A – Design of new pathosystems to assess the efficacy of in planta products
We have developed methods that allow us to evaluate in planta the efficacy of fungicide products against leaf blight of wheat (S. tritici) or Fusarium head blight. Martillac’s laboratory has thus extended its range of services to include the study of products that specifically target cereals.
Consequently, standardized protocols under controlled conditions have been developed for these 2 patho-systems in order to determine the doses and number of applications required to assess the products’ positioning.
Resistance to leaching can also be tested using rain simulators that provide either standard or more sustained regimes (more than 80 mm / h), whether continuous or fractionated.
In addition, we have also established growing conditions that enable us to obtain plants whose phenotype is closer to that obtained in the field.
We have thus completed our product evaluation system by offering our customers the screening of their products / formulations through our in vitro and in planta tests under controlled conditions until the validation of these products through in planta tests in conditions that are close to actual field conditions.
B- Molecular tests for the detection of resistance to Active Substances
Extended use of certain active substances can lead to the development of resistance in pathogen populations. Numerous studies have already made it possible to progress in the understanding of the molecular mechanisms underlying these resistances to fungicides.
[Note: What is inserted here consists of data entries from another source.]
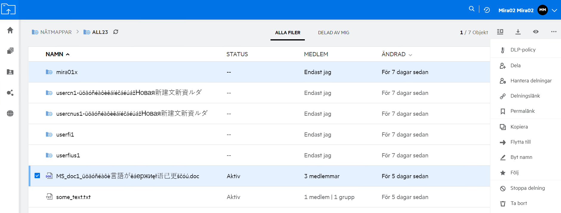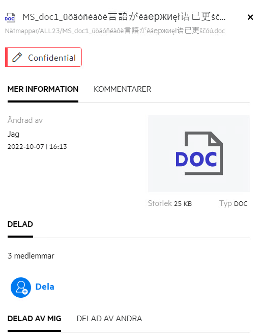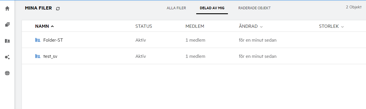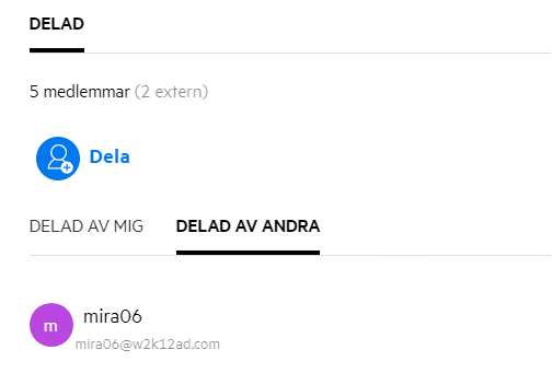 Vid delning av en fil uppdateras kolumnen Medlemmar i området för Mina filermed det antal medlemmar eller grupper som filen delas med. Alla filer som du delar visas dessutom i DELAD AV MIG i respektive områden. Om det finns filer som delas med dig visas de filerna i området för DELAD MED MIG. Du kan även klicka på knappen
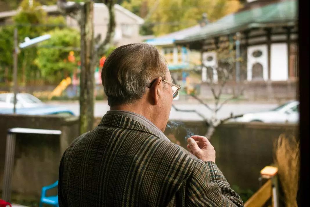 86岁的父亲从来没有停止过吸烟。2017年5月。
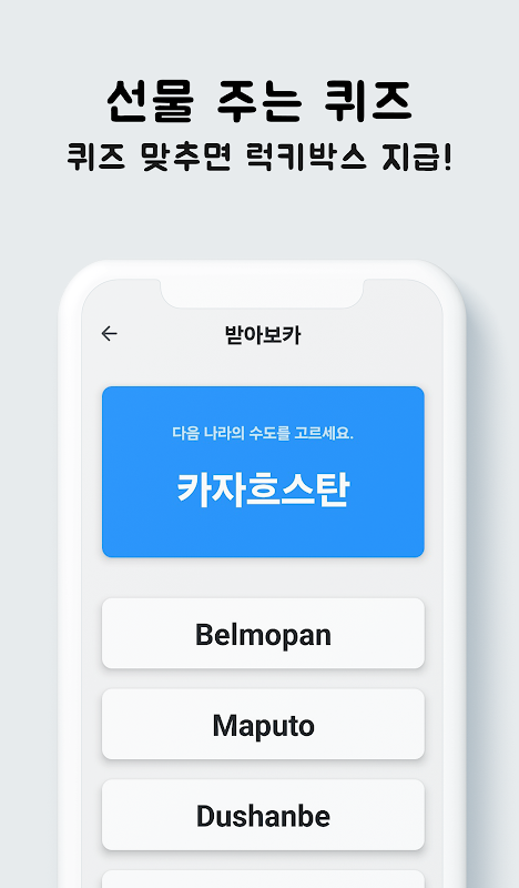 Tentang 받아보카 - 나라별 수도 영단어 (영어) 돈버는 퀴즈
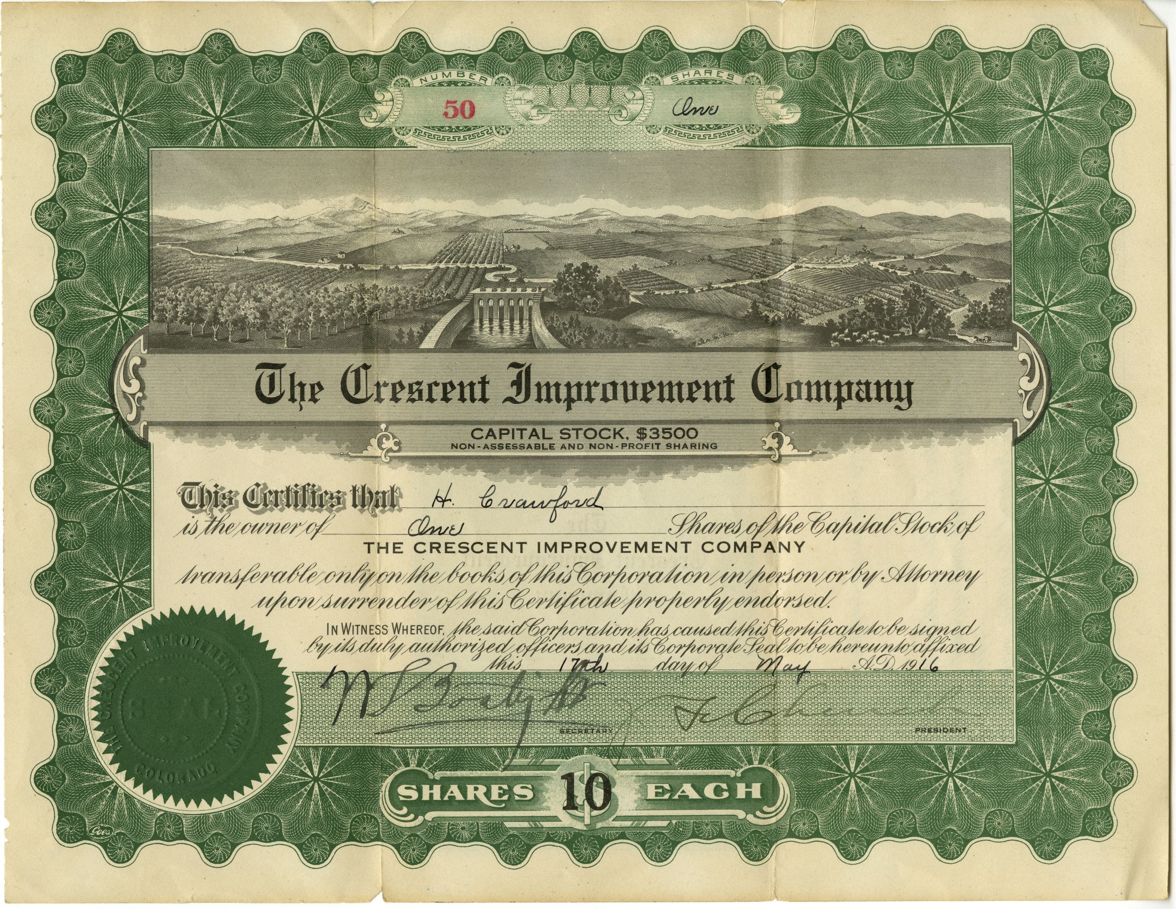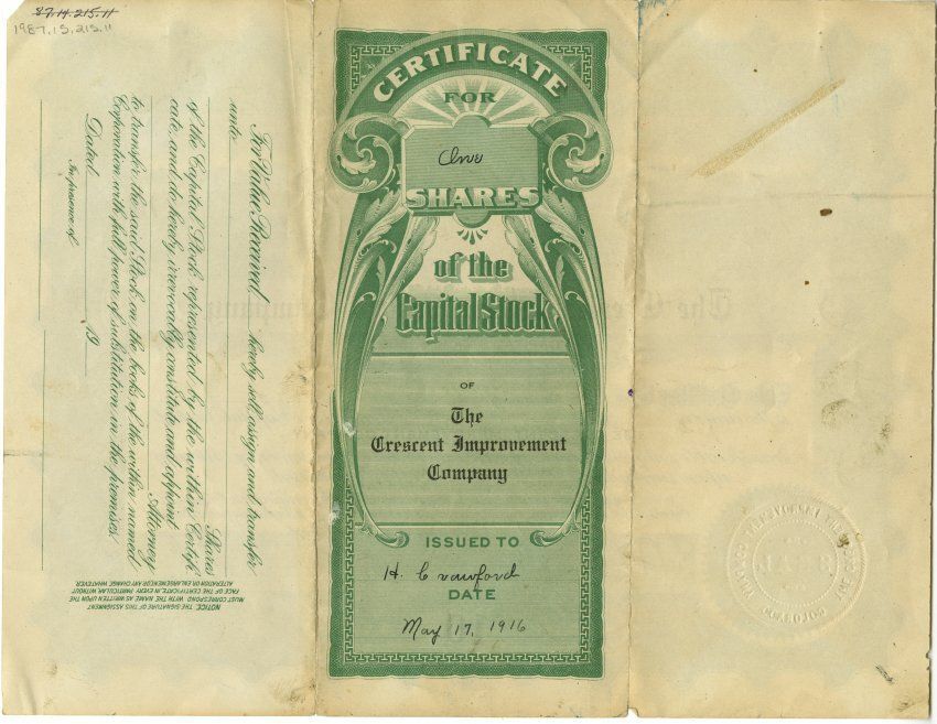 The Crescent Improvement Company Capital Stock, $3500. This certifies that H. Crawford is the owner of One Shares of the Capitol Stock of the Crescent Improvement Company. Green ink.
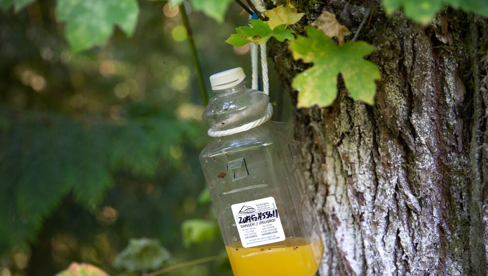 Si lo que queremos es deshacernos de estos insectos, no podemos dejar nada al azar, lo que necesitamos hacer es una trampa para cazar avispas. Para ello necesitaremos: una botella de plástico, agua, azúcar y cerveza rubia. Mezclando estos tres ingredientes dentro de la botella, le daremos la vuelta y haremos un agujero en un lateral. El olor que produce es muy atractivo para las avispas, que entrarán en el recipiente por el agujero, quedando pegadas a la cerveza y muriendo ahogadas.
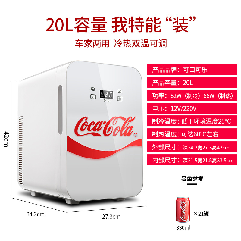 코카콜라 코카콜라 자동차 냉장고 20L 소형 냉장고 디지털 온도 제어 자동차 가정 이중 용도 선물 도매
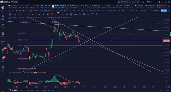 以太坊上个交易日白盘整体处于震荡上行过程中,晚盘从2549附近开始回踩2500附近反弹2535附近再次下跌,凌晨更是跌至2426附近才止住跌势反弹,现行情位于2460附近震荡。

These studies have led to the development of rapid and effective methods for the detection and quantification of resistant genotypes. These techniques now offer an interesting and promising alternative to conventional biological tests and trials which, although reliable / robust, require a lot of work and time. We then developed molecular biology tools (notably PCR and Q-PCR) in order to detect and monitor the emergence of resistance to fungicides in several pathogens.
We are already able to detect strains that are resistant to cyazofamide or QOI in Plasmopara viticola (downy mildew) and to quantify these resistances. We are also developing methods to detect strains of Septoria tritici (Septoria blight in wheat) and Sclerotinia sclerotiorum (rapeseed sclerotiniosis) that are resistant to SDHI.
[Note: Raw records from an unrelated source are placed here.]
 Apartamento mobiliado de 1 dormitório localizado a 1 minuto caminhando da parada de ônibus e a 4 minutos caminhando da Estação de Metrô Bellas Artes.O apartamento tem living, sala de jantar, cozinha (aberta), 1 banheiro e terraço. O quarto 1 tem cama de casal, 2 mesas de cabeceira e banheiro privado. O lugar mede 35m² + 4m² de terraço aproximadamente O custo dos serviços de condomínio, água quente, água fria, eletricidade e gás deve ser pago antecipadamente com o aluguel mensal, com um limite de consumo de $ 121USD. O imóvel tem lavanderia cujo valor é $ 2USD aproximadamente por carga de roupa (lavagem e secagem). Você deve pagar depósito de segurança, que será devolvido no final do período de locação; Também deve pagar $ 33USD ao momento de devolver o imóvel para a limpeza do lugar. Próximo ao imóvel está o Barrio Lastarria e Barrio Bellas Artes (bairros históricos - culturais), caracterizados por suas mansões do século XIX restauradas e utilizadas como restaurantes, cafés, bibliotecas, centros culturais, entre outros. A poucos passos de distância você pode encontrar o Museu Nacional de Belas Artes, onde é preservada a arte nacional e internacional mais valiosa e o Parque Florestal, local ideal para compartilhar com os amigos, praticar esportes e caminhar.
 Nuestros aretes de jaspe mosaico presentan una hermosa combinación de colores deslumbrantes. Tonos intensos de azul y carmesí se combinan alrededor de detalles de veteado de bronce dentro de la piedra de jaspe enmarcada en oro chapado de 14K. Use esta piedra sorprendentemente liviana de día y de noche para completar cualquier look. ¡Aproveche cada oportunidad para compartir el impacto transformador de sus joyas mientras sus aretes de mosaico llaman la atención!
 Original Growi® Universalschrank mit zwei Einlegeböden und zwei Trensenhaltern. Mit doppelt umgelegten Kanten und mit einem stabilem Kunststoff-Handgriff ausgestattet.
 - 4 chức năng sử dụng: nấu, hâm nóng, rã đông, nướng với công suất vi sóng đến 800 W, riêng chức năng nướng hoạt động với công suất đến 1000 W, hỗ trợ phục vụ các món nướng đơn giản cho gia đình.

C- Installation of a fluorescence module to assess the quality of spraying
Spraying is a key step in the use of plant protection products. The quality of spraying is therefore an essential prerequisite for a treatment’s efficacy.
We then developed a method to assess the quality of product spraying which consists in mixing these products / formulations with a fluorophore, spraying these mixtures on the plants, then observing the size of the fluorescent droplets and the extent of coverage of the plants. Variations can thus be observed depending on the products, their adjuvant, the spraying pressure and the type of nozzles.
D- Design of bacterial viability tests for biostimulants
The laboratory has been equipped with incubators to increase its capacity in microbiology. We are now able to monitor microbial cultures and therefore assess their activity as a biostimulant or fungicide. Our systems and our expertise also allow us to evaluate the viability of products formulated on the basis of microorganisms, some of which having biostimulant or biocontrol properties.